The public choice approach to monetary policy

It remains neglected, even today.  Yet Martin Fackler is on the case when it comes to Japan (or try this link):

By speeding the flood of less expensive imported products into Japan, the strong yen is contributing to a broader drop in the prices of goods and services, known as deflation, that has helped retirees stretch their pensions and savings. The resulting inaction on the yen, according to a growing number of economists and politicians, reflects a new political reality, with already indecisive leaders loath to upset retirees from the postwar baby boom who make up nearly a third of the population and tend to vote in high numbers.

‘‘Japan’s tolerance of the strong yen and deflation is rooted in a clash of generations,’’ said Yutaka Harada, a professor of political science and economics at Waseda University in Tokyo. ‘‘And for now, the seniors are winning.’’
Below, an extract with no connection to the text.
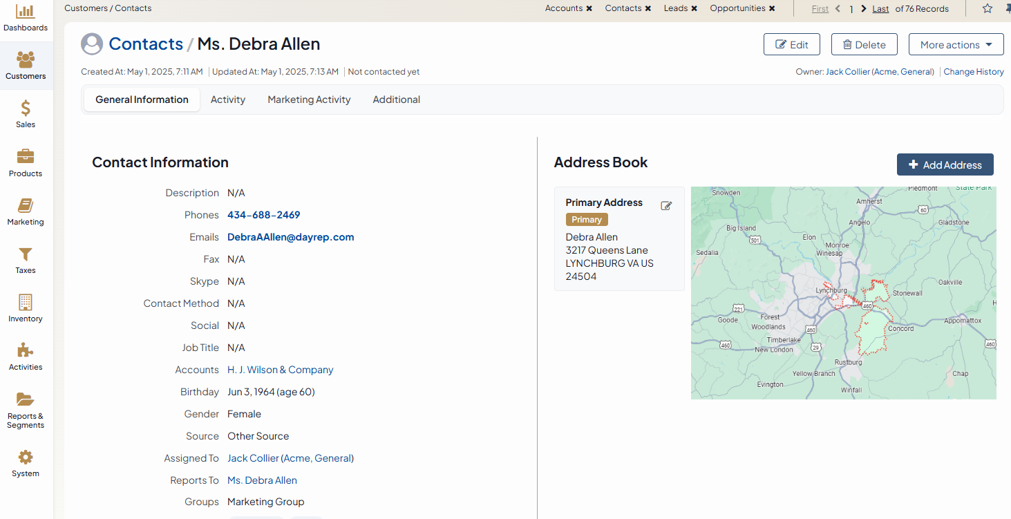 To view more details of a specific record and to work directly with the record (i.e., create a task related to a customer, appoint a calendar event for a user, turn a cart into an order, share a contact, and so on), you need to get to its details page (as in the example).

The problem, many economists warn, is that the victory comes at a high price, mortgaging the future by hastening the hollowing out of the economy as companies move abroad, and contributing to the deflation that has already exacerbated a nearly two-decade decline in Japan. It may also, ultimately, be self-defeating, threatening the very industries that created the huge trade surpluses sustaining Japan’s still comfortable living standards.

How many major political battles do the elderly actually lose?  I get a little worried about the conflation between nominal and real, and the blurring of short- vs. long-run time horizons, but still this is a point worth making:

‘‘The strong yen robs from youth, but there is not much awareness here yet of generational inequalities,’’ said another lawmaker, Keiichiro Asao, with the opposition Your Party.